The fragility of the King's marriage is delicately exposed in the opening paragraph
'The house was full of strangers from Mississippi; within an hour the friends and neighbours he had invited to an evening party would be ringing the doorbell; and his wife (whom he loved) was not speaking to him.'
By nuance and gesture, body language and small asides, the parlous state of affairs between Austin and Martha quickly becomes clear, whilst little Abbey brings a child's simple and straightforward perspective to the proceedings.
It is the unmarried adult children of Family Potter, arrogant and self-assured Randolph and breathy and impressionable Nora who cause the most disruption, with Potters Senior ranking a close second.
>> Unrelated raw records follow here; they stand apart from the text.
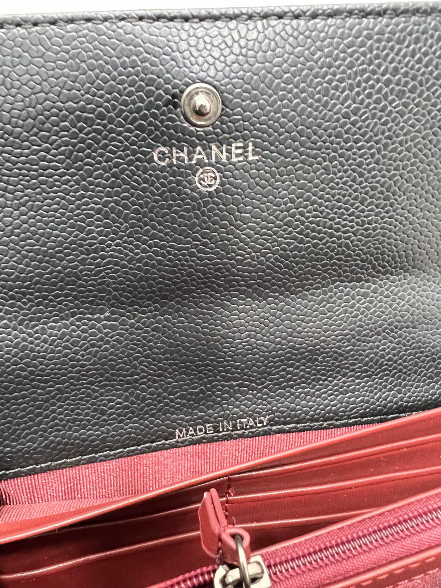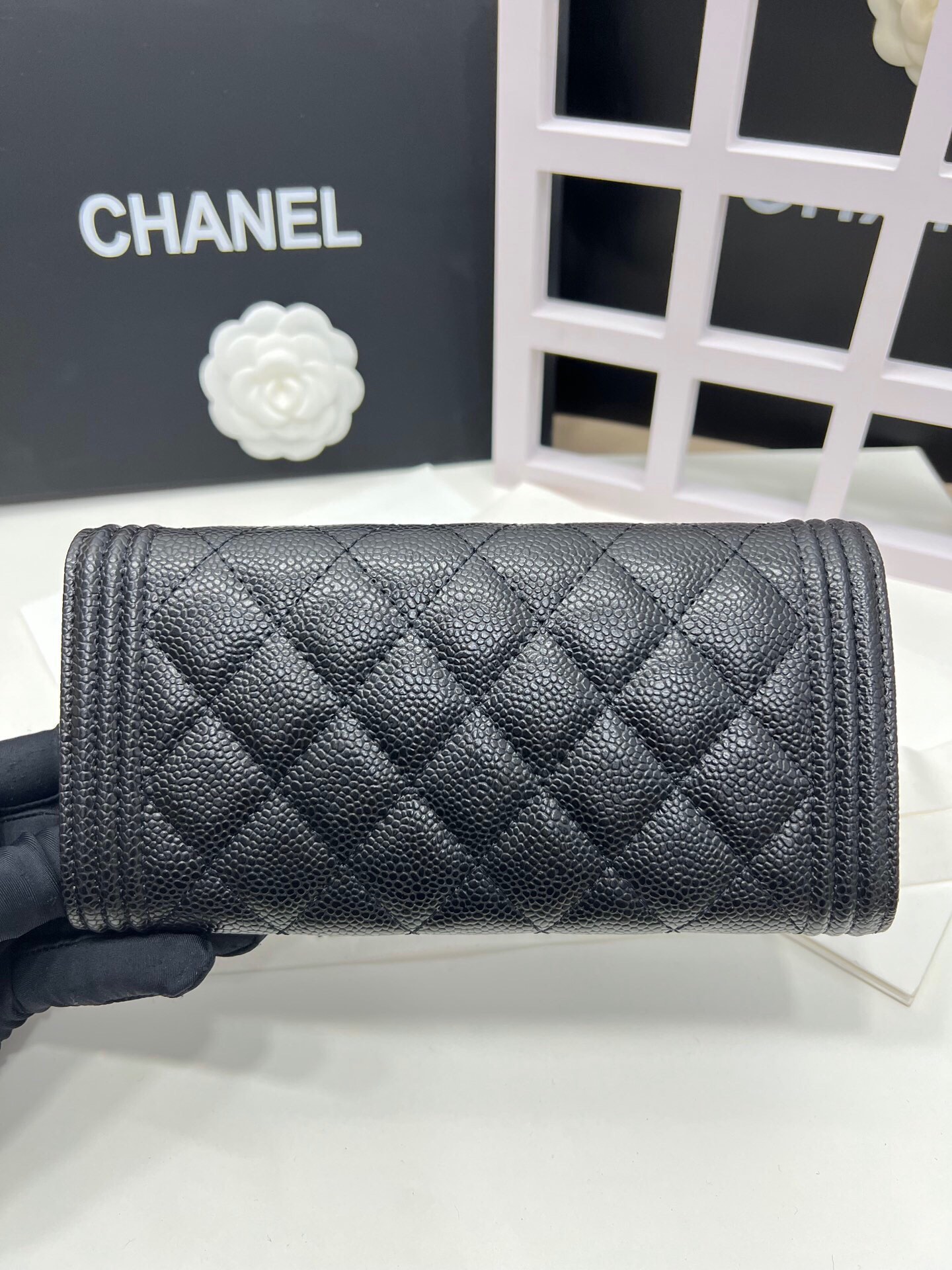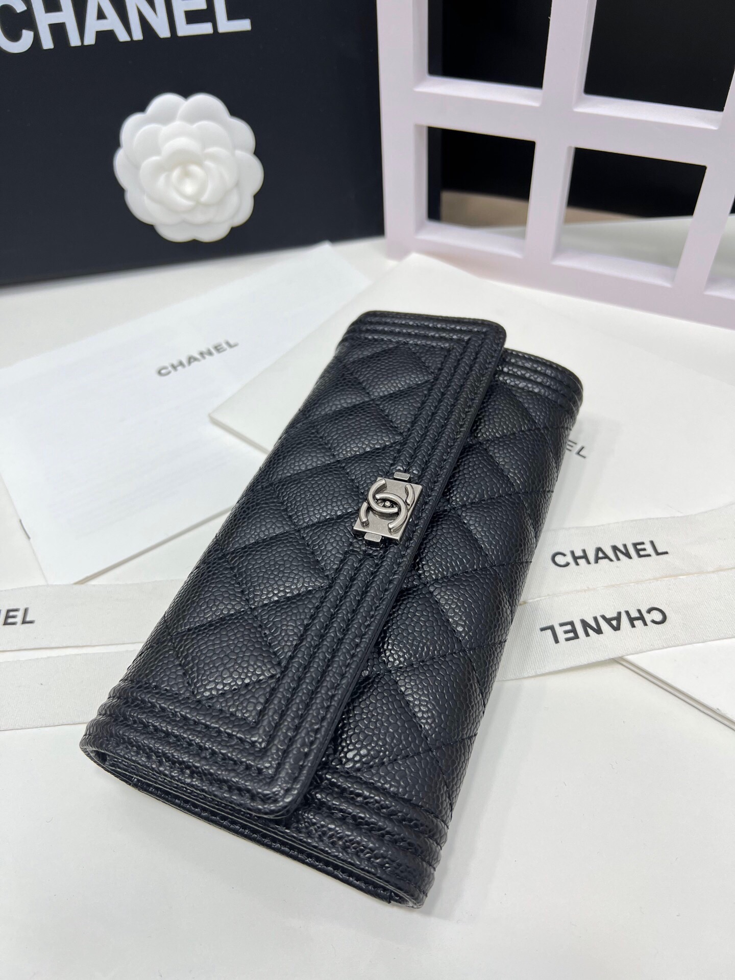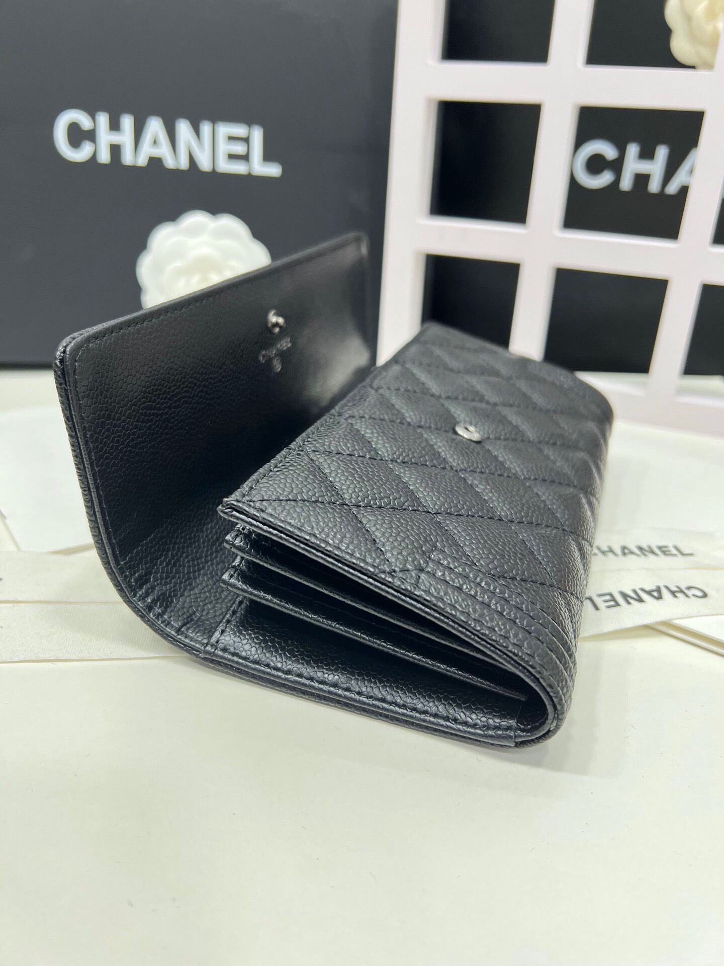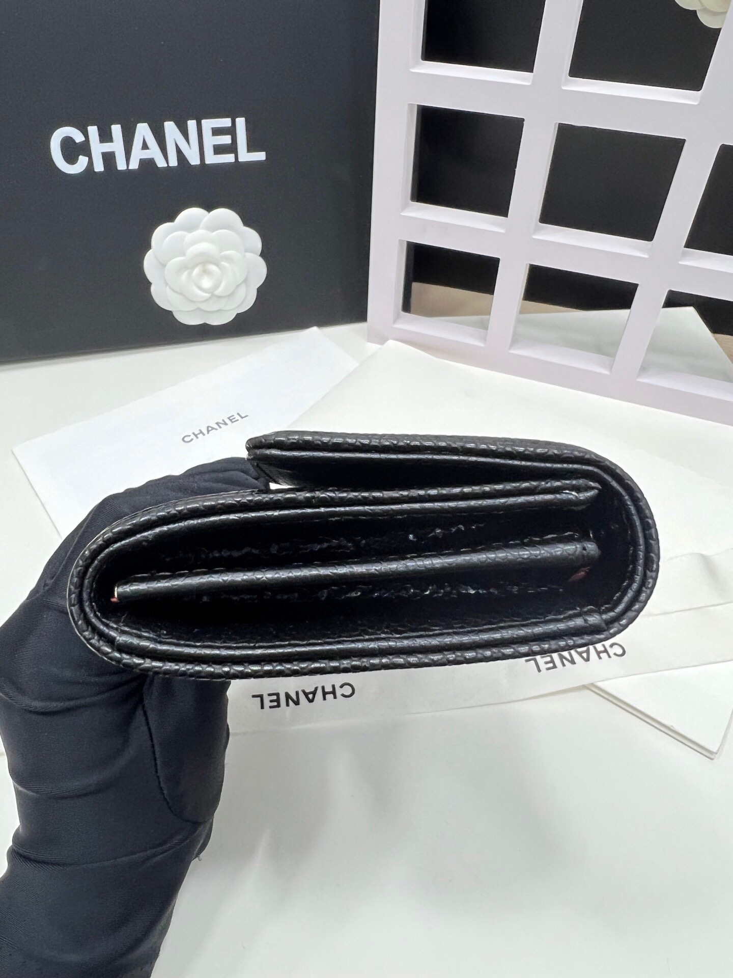 【シャネル】キャビアスキン トリプリーツウォレット ココマーク金具 上品なブラックの長財布
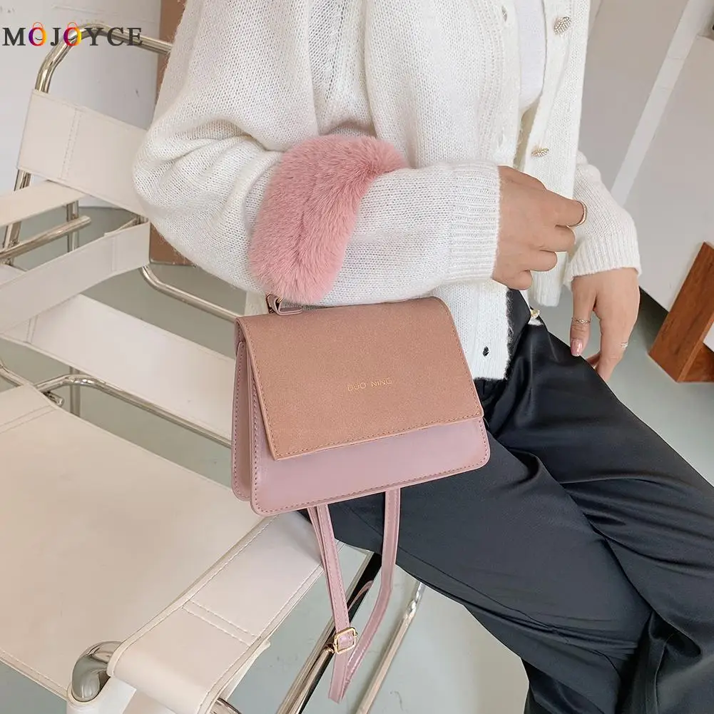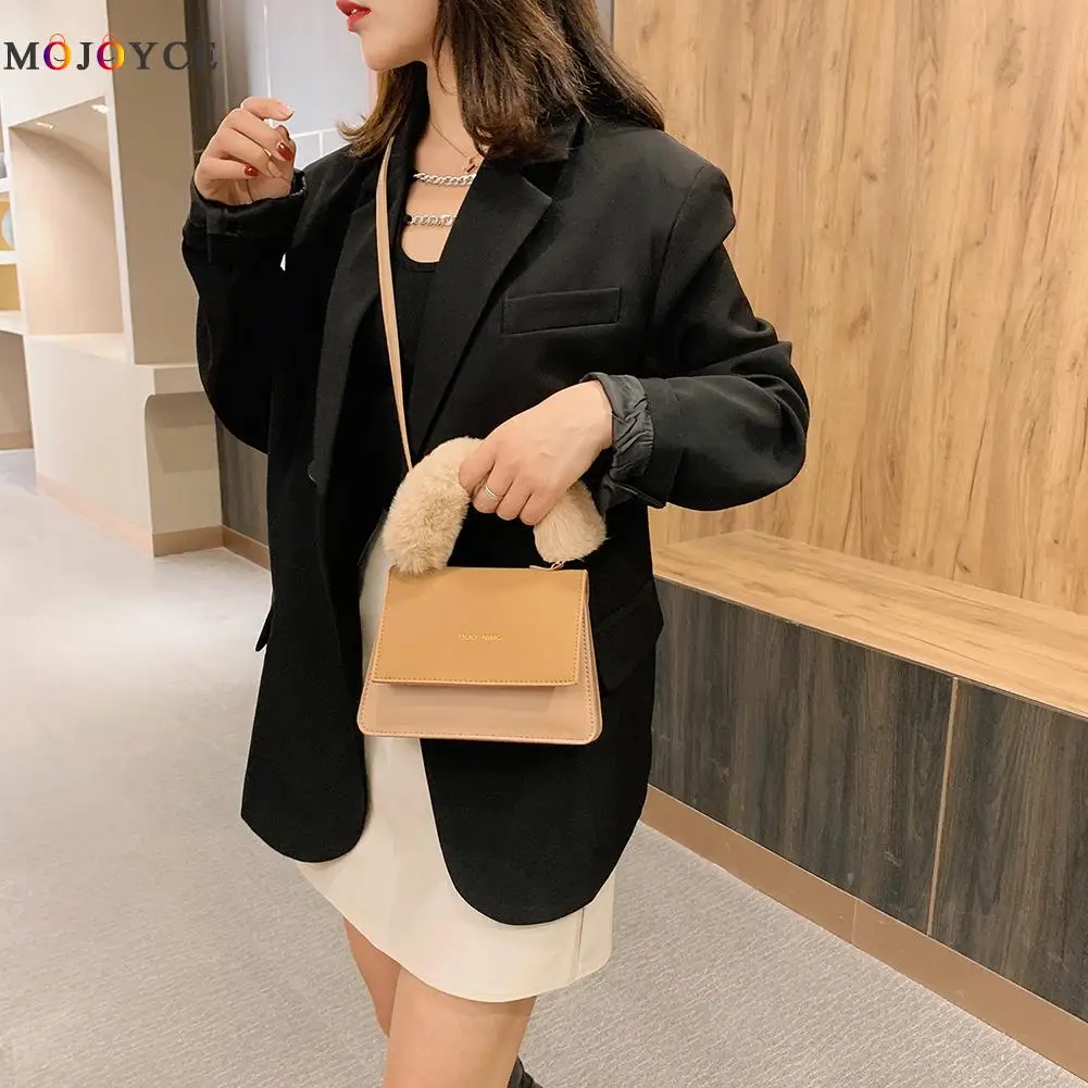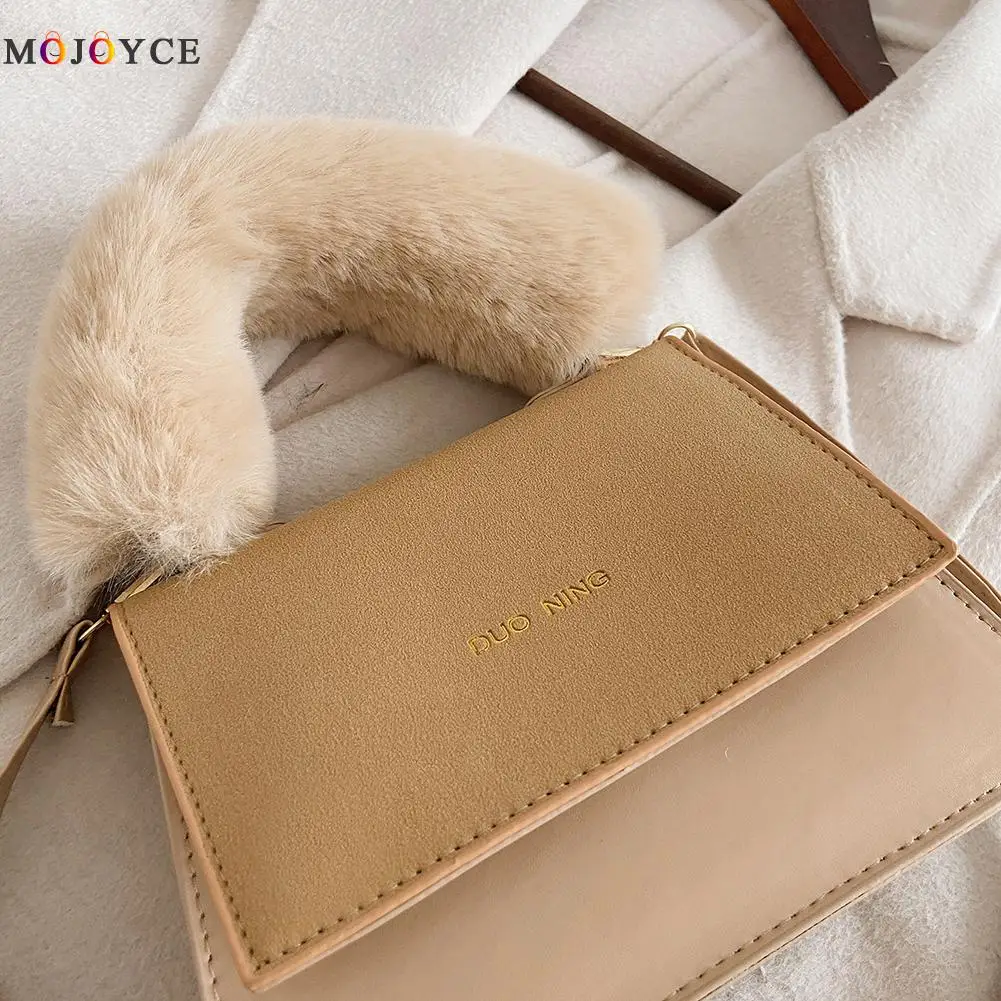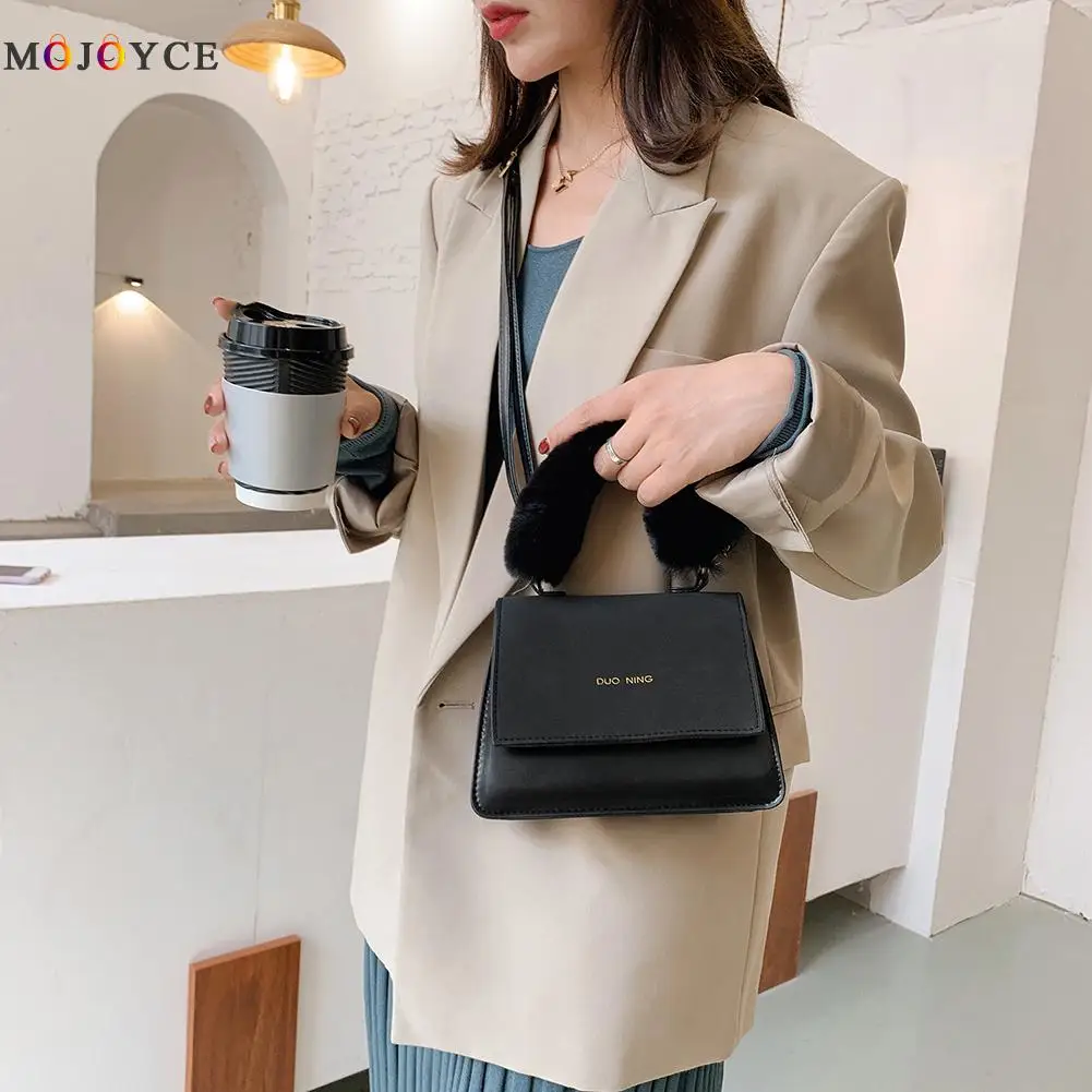 Простая женская сумка через плечо из искусственной кожи, плюшевая сумка через плечо с верхней ручкой, повседневная однотонная Сумочка, портативный дорожный клатч
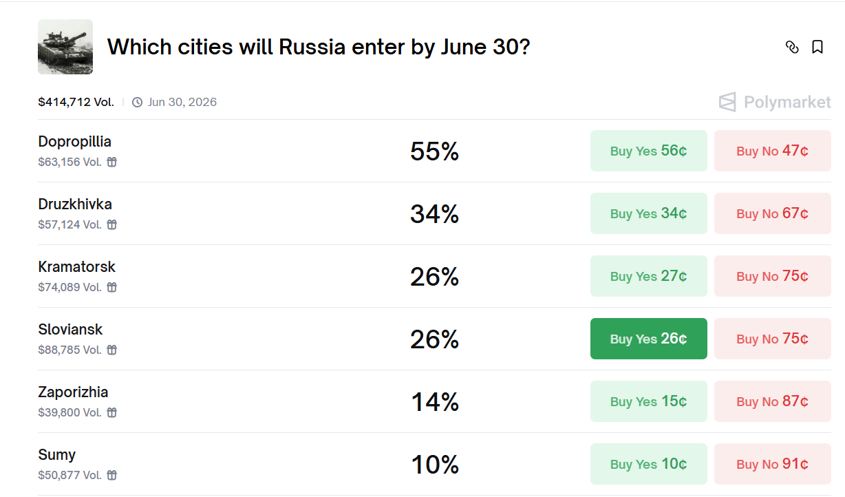 Polymarket — это платформа, где люди делают ставки на определенные события (выборы, экономика, спорт и т.д.). Если они угадывают, зарабатывают деньги, если нет, теряют свою ставку. Если сейчас поставить 100 долларов на то, что РФ захватит Славянск до 30 июня, выигрыш составит чуть более 892 долларов. Если сделать ставку на то, что враг не оккупирует этот город на Донетчине в размере тех же 100 долларов, выигрыш будет 111 долларов.
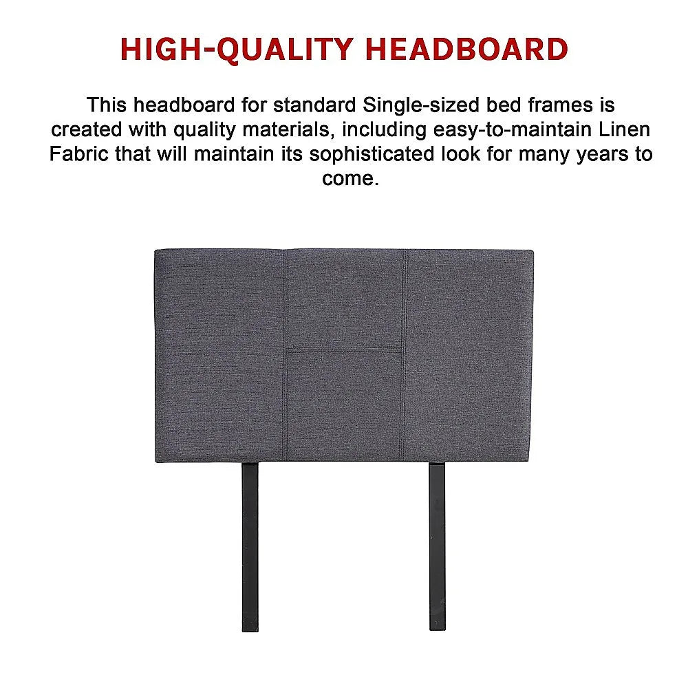 Linen Fabric Single Bed Headboard Bedhead - Grey
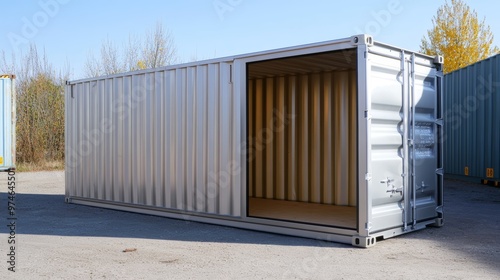 Industrial shipping container with an open door, showcasing spacious interior and weather-resistant design.
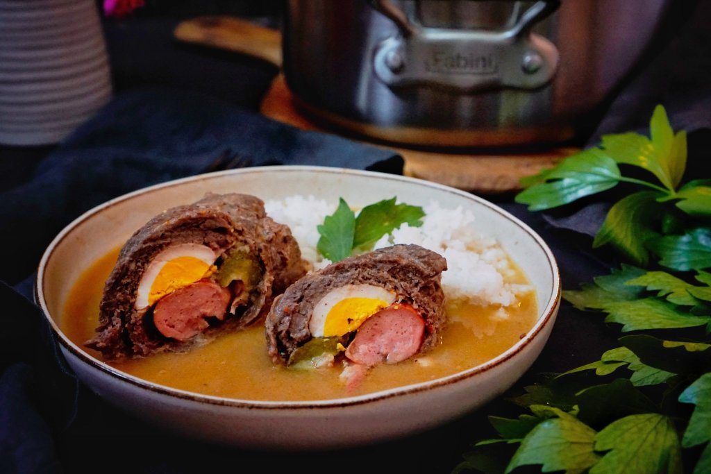 Maso naklepejte na tenčí plátky, z obou stran osolte a opepřete a na jedné straně potřete hořčicí. Na potřenou stranu dejte párek, okurku, proužek špeku a půlku vajíčka. Zarolujte jako klasický závitek a převažte potravinovou nití.
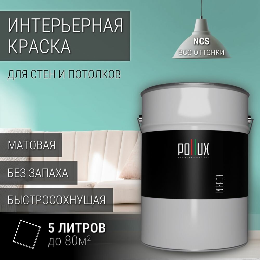 Краска моющаяся интерьерная для стен и потолков, Pollux INTERIOR без запаха, быстросохнущая, акриловая, матовое покрытие, цвет NCS S 1020-B60G, 5л.

And poor Austin, or was it poor Austin?
Did I want to shake some sense into Austin...I'm not sure but Austin perhaps the definitive mystery to be fathomed throughout the book for me as I read.
Intrinsically good and kind-hearted or just plain foolish...
Passive and seemingly weak-willed or too well-mannered and tightly buttoned to stray beyond the bounds of politeness and social custom.
Thus far you can perhaps tell that William Maxwell is the master of characterisation and seemingly ordinary situations, there is no sitting back and feeling like the shy reader here, I knew these people and I wanted to know much more each time I picked up a book which I intentionally eked out over four weeks of slow, languid, involved reading.
But just wait until you meet Nora.
Nora, deeply frustrated by the constraints of the life of the unmarried daughter and the increasingly aged parents and the stifled, unreachable opportunities which suddenly seem within her grasp as her obsessive infatuation for Austin starts to blossom insidiously.
Meanwhile Martha, already less than enamoured with her own life and marriage, stands by and watches helplessly and may I say with remarkable control and restraint as Austin, flattered or foolish (reader's decision I think) seems to find the attentive preening of his feathers quite to his liking.
Enough of the detail I hope for you to see what a joyous month-long reading time I've been having with this one and why other books, read alongside out of necessity for deadlines, have fallen some way short.
But if I'm considering again those sensitivities that William Maxwell may bring to his writing from his own experience then this book is full of them.
There was that defining moment when I did know Austin's pain, that he did possess that self-awareness that I had been doubting and when I turned round all my thinking, I knew that William Maxwell knew that pain too.
Time Will Darken It has been one of those remarkable, unmissable reading experiences for me.